Você tem algum projeto em vista para breve?
Sim. A gente tem sempre os nossos sonhos.
Qual seria o seu maior sonho, no momento em relação à música? Algo que você gostaria de fazer e ainda não fez.
Sem dúvida, é viver da música. Mas, para isso, é preciso de apoio financeiro pra se dedicar exclusivamente à música. Estou inscrito em um projeto da Prefeitura, através da Secretaria da Cultura, e sempre que tenho oportunidade me apresento e recebo cachê por isso. Espero que possam me chamar mais vezes.
Entre os tenores, Jonatas, qual você mais admira?
O saudoso Luciano Pavarotti. É nele que eu mais me inspiro.
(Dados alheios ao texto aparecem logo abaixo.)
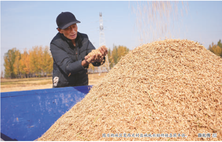 “看这水稻的长势,今年又是一个丰收年!”在神头镇下西关村的千亩水稻种植基地里,今年盛夏,种粮大户石云宝指着水稻对周围人乐呵呵地说。石云宝从2016年在神头镇盐碱地里尝试种植水稻,经过多年改良试验,培育出优质高产的稻花香系列水稻亩产达到650公斤以上,让“沉睡”的盐碱地变成了生机勃勃的良田。经过近几年的发展,朔城区水稻种植已从最初的50亩试验田,发展到了现在的2650亩,培育出稻花香、吉宏6号等高产优质品牌稻米,总产量从4万斤增加到344.5万斤,地域也由朔城区神头镇、滋润乡的8个村推广到周边县区,走出了一条从无到有、从有到优的发展新路。2024年,全市盐碱地水稻种植面积达到5000多亩,“桑干河畔稻花香”正成为雁门粮仓的新景象。
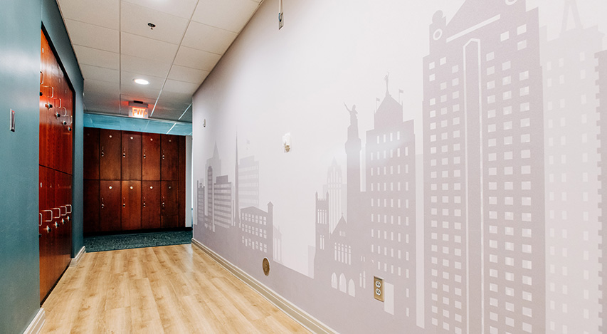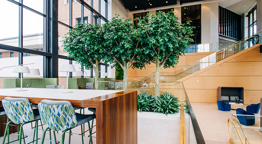 The interior of the atrium includes all-new furniture and light fixtures, providing students with new relaxation and study options. The space has been equipped with greenery, including a 24-foot-tall living plant wall. A custom chandelier was imported from Italy to give the area a unique aesthetic and ambiance. Morning Grounds, a new self-service coffee bar, was installed to serve the caffeine needs of Heersink School of Medicine faculty, staff and students.
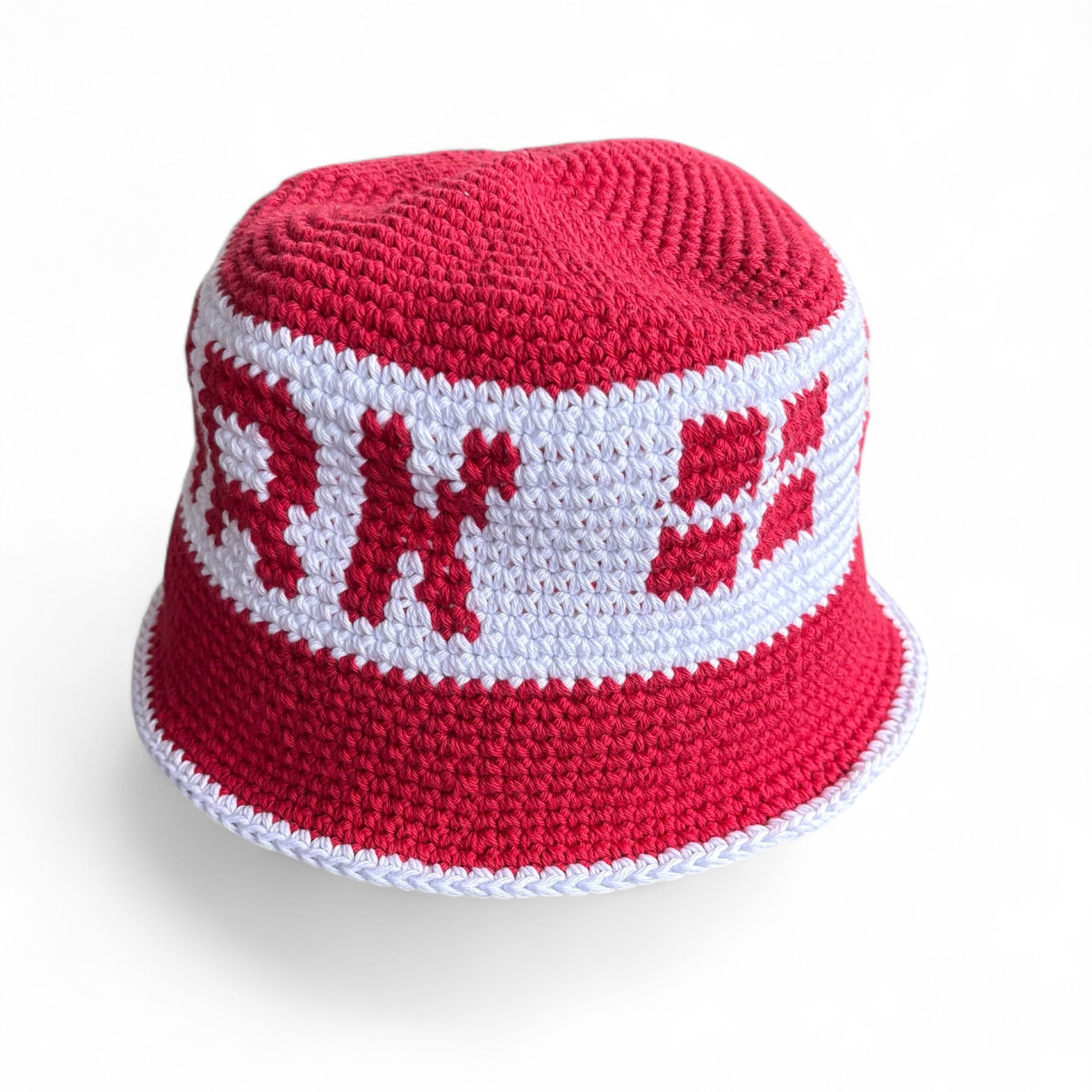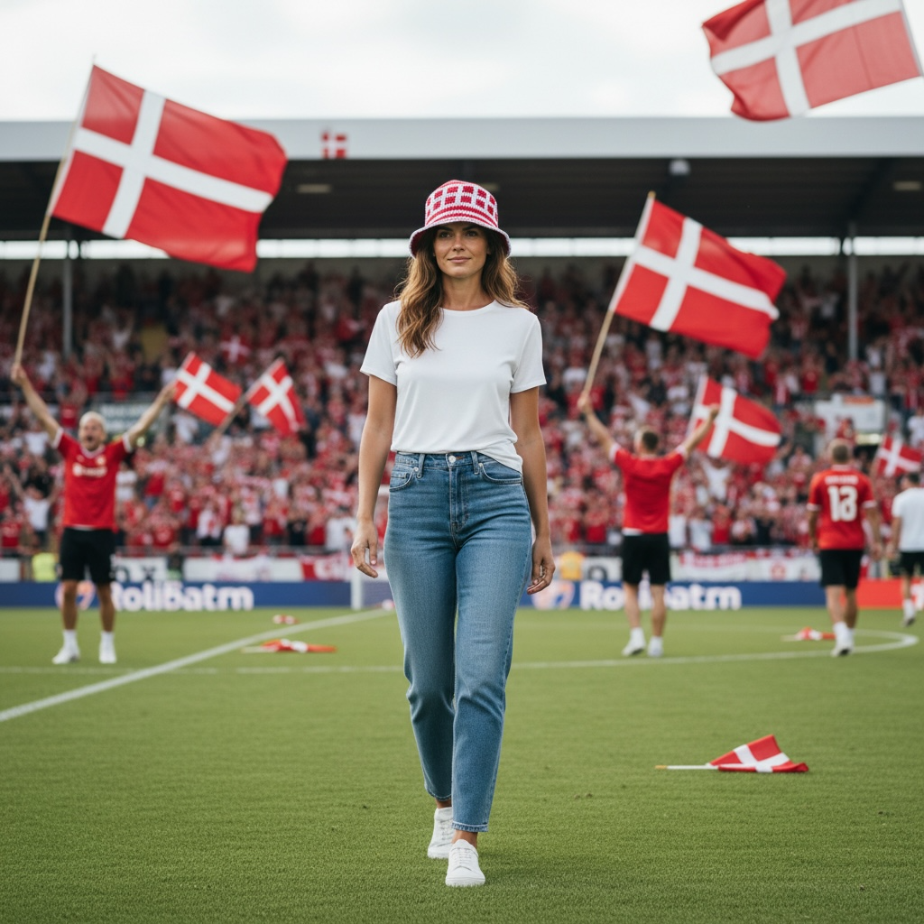 Denne hæklede bøllehat i rød og hvid er perfekt til dig, der vil vise støtte til Danmark med stil. Bøllehatten er håndhæklet og inspireret af de klassiske Dannebrog-farver, hvilket gør den ideel til fodboldkampe, festivaler, sommerfester og nationale begivenheder.
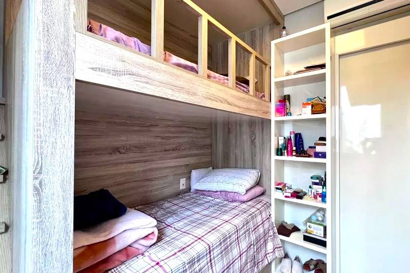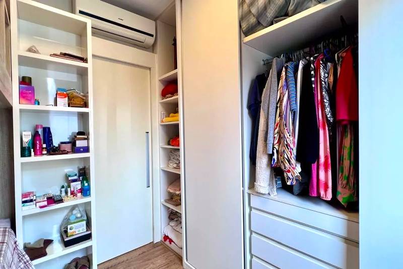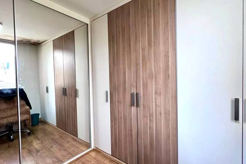 3 Quartos amplos com piso vinílico amadeirado e armários, sendo uma suíte com bancada em granito, armários, espelho e box em blindex.

Mais alguma coisa que queira acrescentar? A palavra é livre.
Sim. Na minha opinião, a música é tudo na minha vida. Eu vivo pra música. A música, ela mexe com a minha alma. Ela muda a minha pessoa. Às vezes, estou em um estado de revolta e a música me transforma. Transforma essa revolta em calmaria, vamos dizer assim. Porque eu esqueço completamente da minha vida quando me apresento cantando e tocando. Quando eu sento ao teclado, eu faço isso somente na igreja e no Casarão da Cultura, quando eu começo a tocar o piano ou o teclado, eu não paro mais, já não sou mais eu. Sou eu, envolvido dentro da música. A música me absorve completamente. Chegou de acontecer de eu perder a hora de abrir a igreja, porque fiquei lá dentro tocando, tocando, e esqueci da vida e do mundo à minha volta.
Como é a sua relação com o pessoal da Paróquia de Santa Cruz?
É excelente. Eles admiram demais o meu trabalho. Eu sou bastante comentado e elogiado pelos membros da igreja. Também me apresento uma vez por mês na Casa de Nossa Senhora das Dores, ali na rua 2, no centro. Sou muito bem recebido lá também pelas freiras.
A que você atribui essa boa receptividade?
Acho que é porque consigo tocar o sentimento das pessoas através da música. Canto e toco com amor. E creio que isso ajuda a prender a atenção das pessoas, quando me apresento, principalmente na igreja. A acústica, ali, também é ótima.
Qual música que mais lhe emociona quando você a canta ou toca na igreja?
São várias. Mas eu penso que, a principal é Ave Maria de Gounod.
E entre as músicas populares?
Con te Partiro, do Andrea Bocelli.
Lírica?
É a composição “Quem sabe”, de autoria do maestro Carlos Gomes, de 1859, a partir de um texto do poeta Bittencourt Sampaio. É trecho do espetáculo “O Selvagem da Ópera”.
Ainda adolescente, Jonatas Sorrente sofreu um acidente de trânsito que o deixou com sequelas ao caminhar. Como ainda não consegue viver somente da música, que é o seu grande sonho, e apesar do seu exímio e admirável talento, trabalha também como autônomo, vendendo empadas, sob encomenda, feitas por sua mãe.